Entre la prosa, la imagen y el lirismo

Una lectura de «Los tiempos del níspero», de la escritora salvadoreña Miroslava Rosales, por el poeta argentino Agustín Mazzini.

En estos tiempos se duda de que en la poesía deba existir un sujeto dramático. Un ser que viva, surja, perezca y resucite entre los versos, concepto muy similar a lo que los griegos para su teatro supieron denominar pathos. Y en combinación, estos tiempos tan singulares se muestran como orgullosos asesinos de los mundos alternativos que la poesía –arte que late detrás de todas las artes– propone: un mundo que cuente con su propia lógica, sus imágenes, en la que todo sea excusa para abordar de manera cruda la humanidad (a la que le queda chica la realidad y el lenguaje cotidiano). Hoy asistimos a una terca y tozuda defensa: a la poesía se le venda los ojos y se la obliga a hablar entre facilismos y superficialidades. Prohibida queda la reflexión: en estos tiempos se quiere convertir a la poesía en un vehículo más que satisfaga la ansiedad del hombre de «entenderlo todo» lo que, sin duda, y en esta época de vertiginosidad, es una forma de control. 

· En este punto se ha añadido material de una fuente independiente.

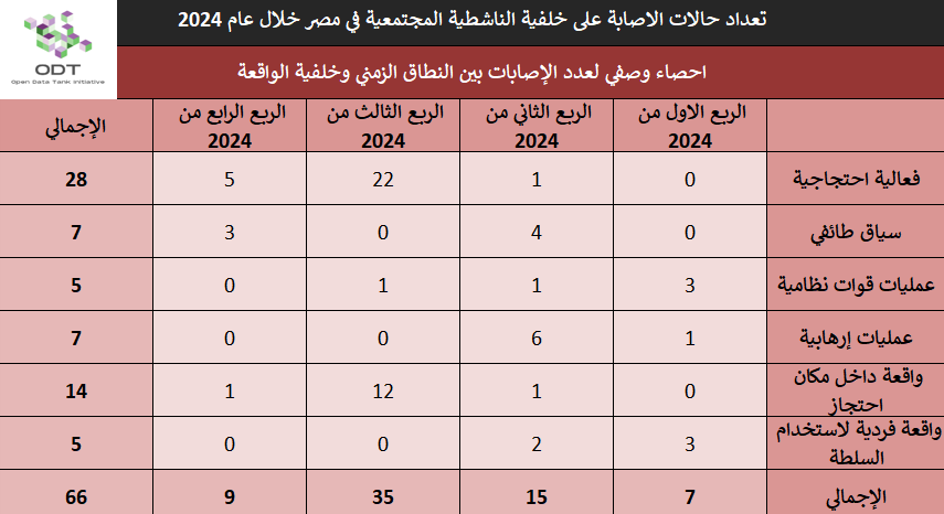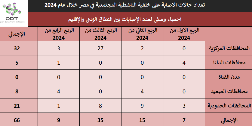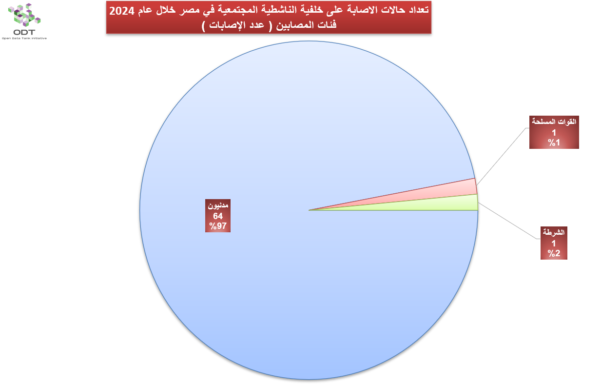 قاعدة بيانات وقائع الإصابة في مصر خلال عام 2024 (على خلفية الناشطية المجتمعية) هي قاعدة بيانات مطورة معلوماتيًا، تضم قاعدة البيانات وقائع الاصابة “خلال الفترة الزمنية من يناير 2024 وحتي ديسمبر 2024، تعتبر قاعدة البيانات مفتوحة المصدر ومنشورة برخصة المشاع الإبداعي بحيث تشمل تفاصيل الوقائع من حيث مسارها الزمني والجغرافي، وأطراف الوقائع. من خلال قاعدة البيانات، تم إعداد إحصاءات وصفية وعروض بصرية بين النطاق الزمني ومجموعة من المتغيرات ( النطاق الجغرافي، المحافظة، خلفية الواقعة، نوع الواقعة، فئة المصاب).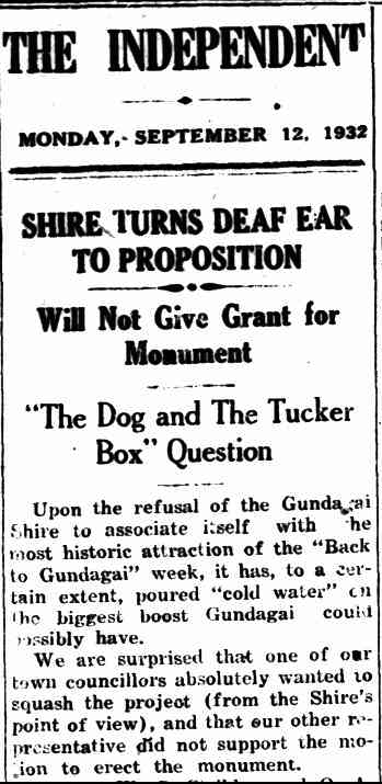 Unfortunately, the Gundagai Shire did not support the proposal for the erection of the Dog On The Tuckerbox monument.

Pero Los tiempos del níspero (de la joven autora Miroslava Rosales, publicado por Editorial Cerro del Viento, a finales de 2017, en México) son otros tiempos. Quizás uno de los pocos que son en sí mismo un oasis dentro de un contexto de tantos y tantos y tantos y tantos (etc.) autores que nos coaccionan a creer, casi religiosamente, que el cosmos de un poeta no debe extenderse más allá de cinco cuadras de su casa a la redonda (si es que, con suerte, sale de su casa), y que cualquier diario íntimo de personas menores de treinta y cinco años, llena de momentos en los que se compra un diario, se toma una cerveza o se fuma un cigarrillo, es una experiencia metafísica digna de un ensayo de estilo. En este sentido, los versos de la poeta salvadoreña, indudablemente, constituyen una novedad, alguien que entendió y pudo construir una voz singular, distinta, suya.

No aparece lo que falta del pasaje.